At that moment, Enid came into the library with a small silver tray of sherry. She came click-clacking over to us, and handed it around. For one strangely tantalizing second, she leaned across in front of me, and I glimpsed her small bare breast through her dress. I accepted my sherry from her with a smile, but the look she gave me in return was cold — cast out of pure indifference.

When she had gone, and closed the library door behind her, Duglass Evelith said, in a phlegm-thickened voice, ‘The David Dark? What do you know of the David Dark?’

'Only that she used to belong to Esau Hasket, who had christened her after David Dark the evangelist preacher,' said Edward. 'Only that she set sail from Salem in a terrible storm in 1692 and was never seen again. At least, that's what the history books say. But they also say that every single reference to her was cut from every single logbook and broadsheet, and that Esau Hasket forbade anybody ever to mention her again. And the inference is that she foundered, quite soon after leaving Salem, and was driven back into Salem Sound by a strong northeasterly wind, and finally went down off Granitehead Neck.'

Duglass Evelith sucked in his cheeks, and regarded us thoughtfully. 'She sank over 290 years ago,' he said, choosing his words with care. The likelihood of there being anything salvageable left of her is rather less than slim, wouldn't you say?'

'Not if she really did go down where we think she did,' Edward argued. 'On the west side of Granitehead peninsula, the bottom is very soft mud, and if the David Dark behaved like every other sinking ship of the period, which we have no reason to doubt that she did, she would have plunged into that mud right up to her waterline, maybe higher, and buried herself within a matter of weeks.'

'Well?' asked Duglass Evelith.

'If that happened, then the David Dark will still be there. Preserved, right up to the orlop deck at least. And that means that whatever she was carrying in her hold will be preserved, too.'

'You know what she was carrying?'

'We're not sure,' said Forrest. 'All we know is that the people of Salem were in a hell of a hurry to get rid of it; and that it was contained in a specially-made copper vessel, or could have been.'

Edward said, 'We've been diving in the area, looking for the wreck, for over a year now. I'm sure it's there; I'm convinced of it. But unless we can find some documentary evidence of where she might have gone down, it's going to take us the rest of our lives to locate her. It's not even worth doing echo-soundings until we have a pretty exact idea of where she is. There are so many small boats and so many heaps of trawl nets down there, we'd forever be picking up likely-looking signals, and of course we'd have to dive down and investigate all of them.'

Old man Evelith was sipping his sherry all this time; but when Edward had finished, he set down his glass on the table beside him and gave a dry, thin sniff.

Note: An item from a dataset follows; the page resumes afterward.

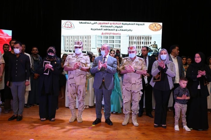 استضافت اليوم، جامعة الزقازيق فعاليات الندوة التثقيفية الثالثة والعشرين للقوات المسلحة والتي نظمتها قيادة قوات الدفاع الشعبى والعسكرى في إطار حرص القيادة العامة للقوات المسلحة على تنمية روح الولاء والإنتماء والدور التثقيفي والتنويري الذي تقوم به الجامعة، بحضور اللواء أركان حرب عماد أحمد زكي قائد قوات الدفاع الشعبي والعسكري، والدكتور عثمان شعلان رئيس جامعة الزقازيق، واللواء أسامة الجمال مستشار أكاديمية ناصر العسكرية، والعميد ياسر محجوب قائد الفرقة السادسة مدرعة، والعميد محمد منصور المستشار العسكري لمحافظة الشرقية، والعميد تامر أحمد ماهر مدير مكتب المخابرات الحربية بالشرقية، والعقيد أحمد الجندي مكتب المخابرات الحربية بالشرقية، والمقدم مصطفى فراج مكتب الأمن القومي، ونواب رئيس الجامعة وعمداء ووكلاء الكليات والحضور الكريم من القيادات التنفيذية والشعبية بمحافظة الشرقية وعدد من أسر الشهداء والمصابين من القوات المسلحة والشرطة وطلاب وطالبات الجامعة.

'Why, exactly, do you want to find the wreck of the David Dark?’ he asked us. 'What is so desperately urgent about it?'

I looked at him carefully. 'You know what's in it, don't you?' I asked him. 'You know what's down there, and why they tried to get rid of it?'

Duglass Evelith looked back at me, just as shrewdly, and smiled. 'Yes,' he admitted. 'I know what's in it. And if you can convince me that you have a strong enough reason for salvaging it; and that you know what dangers you may be up against, I'll tell you what it is.'

Twenty-One

I had been guessing, of course, when I suggested to Dug-lass Evelith that he knew what secret was concealed in the wreck of the David Dark; but not guessing too wildly. It was obvious from the books that lined the library shelves around us that he was interested in history and magic, and if he knew so much about the early settlers and the way in which they had conjured up Indian spirits to help them in the wilderness, then the chances that he was acquainted with the sinking of the David Dark were high.

Besides that, if Duglass Evelith didn't know where the wreck was located, or how it had sunk, then nobody would. This monkey-shriveled old man was our only possible hope.

'My wife was killed in a road accident just over a month ago,' I told him, in a quiet voice. 'Recently, she's been visiting me. I mean that her spirit has been visiting me. Her ghost, if you like. And talking to other people in Granitehead who have recently lost their relatives, I've discovered that what I've been experiencing is not exactly an uncommon phenomenon in this part of the world.'

That's all?' asked old man Evelith.

'Isn't it enough?' Edward demanded.

'There is more,' I said. 'An elderly woman who lived out on West Shore Road was killed two days ago by the spirit of her dead husband, and I understand that several other people have died in very gruesome and peculiar ways. It seems as if the ghosts are not benign; but are culling the living, in order to join them in the region of the dead.'

Duglass Evelith raised a white wiry eyebrow. 'The region of the dead?' he inquired. 'Who mentioned the region of the dead?'

'My wife,' I said. 'As a matter of fact, I saw her again last night. I saw lots of spirits last night, every dead damned soul in Waterside Cemetery.'

Edward looked across at me, and gave me a nod to show that he understood now why my behaviour had been so fractured this morning. Duglass Evelith sat back in his armchair, his elbows perched on the arms, his mittened hands hanging like the talons of a dead rook. Forrest cleared his throat, and shifted his backside on the leather-covered sofa so that it squeaked rudely.

'You're telling me the truth,' said Duglass Evelith, after a while.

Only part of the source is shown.